Biography of Horace D. Boynton of Pulaski Township Ohio

Explore the enduring legacy of Horace D. Boynton, a dedicated farmer and stock raiser from Williams County, whose life’s work on Fairview Stock Farm showcased his deep roots and contributions to agriculture. Born and raised on the same land he would cultivate, Horace’s commitment to breeding Shorthorn cattle, Hampshire hogs, and grade horses reflected both a family tradition and a personal passion. His story, interwoven with community engagement and a legacy of success, highlights the impact one individual can have on their local heritage and the agricultural community at large.

Horace D. Boynton. — The true measure of individual success is determined by what one has accomplished, and, as taken in contradistinction to the old adage that a prophet is not without honor save in his own country, there is a particular interest attached to the career of the subject of this review, since he is a native son of Williams County, where his entire life has been passed, and he has so directed his ability and efforts as to gain recognition as one of the representative farmers and stock raisers of the county, as well as one of its most public-spirited citizens.

Horace D. Boynton, proprietor of Fairview Stock Farm, in Pulaski Township, one-half mile east of Pulaski, was born on the farm which he now owns, on December 11, 1869, and is a son of Charles and Catherine (Kennedy) Boynton, the latter of whom was born in Ashland County, Ohio. Charles Boynton was born in the State of Maine, whence he came to Williams County when about seven years of age, with his father, A. W. Boynton, who entered land here and also ran a store in Pulaski.
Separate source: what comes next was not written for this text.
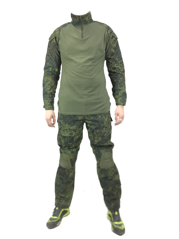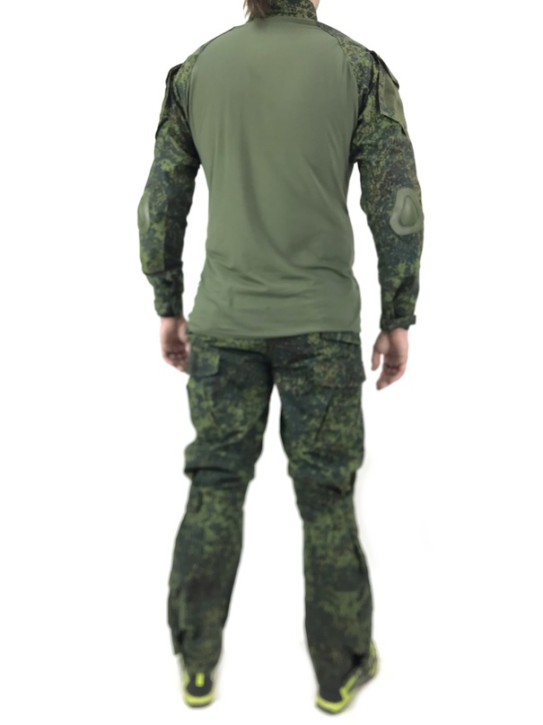 Комплект состоит из кофты (боевой рубахи) и штанов.На передней части штанин расположены наколенники, которые устанавливаются в специальные отсеки. При необходимости наколенники можно снять. Они состоят из двух частей: внутренняя поверхность сделана из плотного, мягкого материала; внешняя – из прочного пластика. В коленях брюки регулируются по обхвату велкро-липучкой.

He was active in political affairs of the county and served two terms as a member of the Board of County Commissioners of Williams County. His son, Charles, was reared in Pulaski, attended the district schools and assisted his father in the store. At that time their goods was freighted by ox team from Toledo, and the subject of this sketch has in his possession two of the yokes used then. After leaving the store, he returned to the farm. After his marriage he began keeping house where the subject of this sketch now lives, and where he spent the remainder of his days. He was a member of the Methodist Episcopal Church and served on its official board. In politics he was a republican. He was successful in his business affairs and, besides general farming, he was a successful breeder of Short-horn cattle. To him and his wife were born five children, namely: Alpheus, who is an oil-well driller in California; Herman, who runs a music store and sewing machine agency in Bryan; Horace D., the immediate subject of this sketch; Dora, the wife of Edwin Reed, of Bryan; and Josephine, who lives in Bryan.
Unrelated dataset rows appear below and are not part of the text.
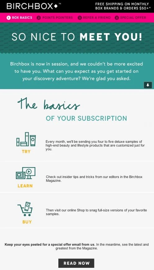 Birchbox, a New York City-based monthly subscription service, has another admirable welcome email.
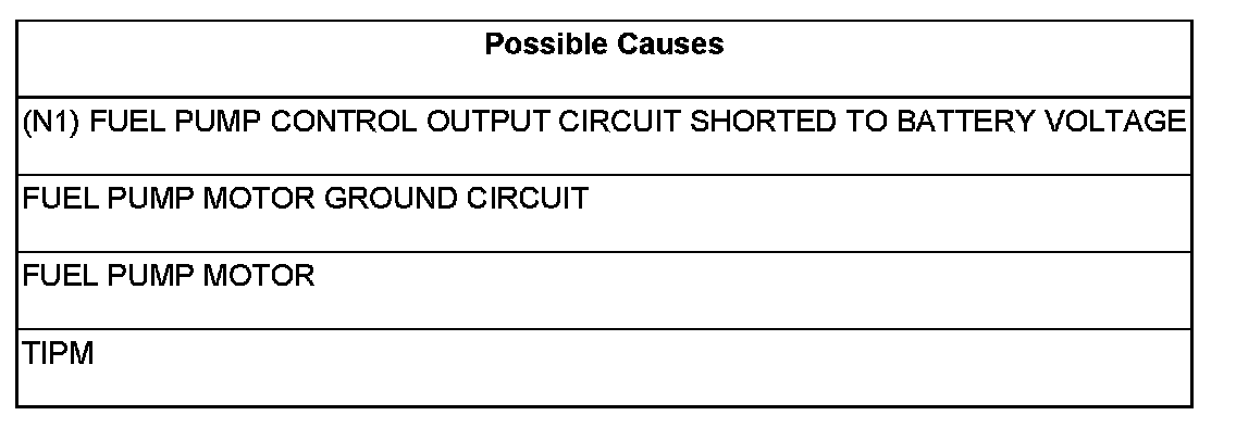 - Repair the short to battery voltage in the (N1) Fuel Pump Control Output circuit.
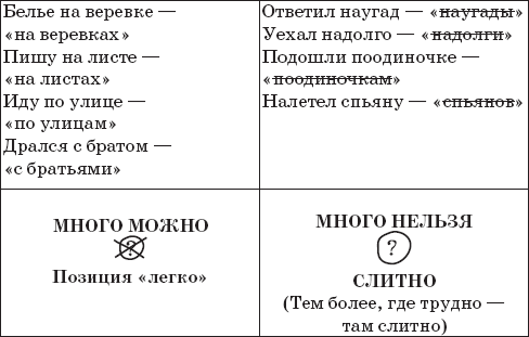 Теперь действуем так. При письме главная позиция и контроль – это СЛИТНОСТЬ. Варианты отсутствуют! А чтобы ее усилить, есть проверка МНОГО НЕЛЬЗЯ.

Horace D. Boynton was reared on the paternal farmstead and secured his education in the public schools of Pulaski. He has always followed farming and stock raising and has been successful in both lines. He is the owner of 146 acres of land, in addition to which he also farms 120 acres belonging to his mother. He has given special attention to the breeding and raising of Shorthorn cattle, Hampshire hogs and grade horses. His herd of cattle is headed by “Elmherst Stamp,” which was shown in six county fairs in 1919, winning many ribbons, and two other members of the herd have not been defeated. Mr. Boynton is a director of the Farm Bureau of Pulaski Township, being a member of the state organization, and he is also a director of the Williams County Fair Association.

Mr. Boynton was married to Josephine Knipe, who was born and reared in Fulton County, Ohio, and to them have been born two children, Charles and Hubert, both of whom are attending school.

Politically, Mr. Boynton gives his support to the republican party. Fraternally, he is a member of the Free and Accepted Masons, holding membership in the Blue Lodge, the Chapter of Royal Arch Masons, the Council of Royal and Select Masters, and Defiance Commander, No. 31, Knights Templar. He has, through the exercise of good judgment, energetic efforts and sound business ability, gained not only a gratifying prosperity, but also the confidence and high regard of all who know him.

Source: Bowersox, Charles A. ed. A standard history of Williams County, Ohio: an authentic narrative of the past, with particular attention to the modern era in the commercial, industrial, educational, civic and social development , 2 vols. Publisher Chicago: Lewis Pub. Co. 1920.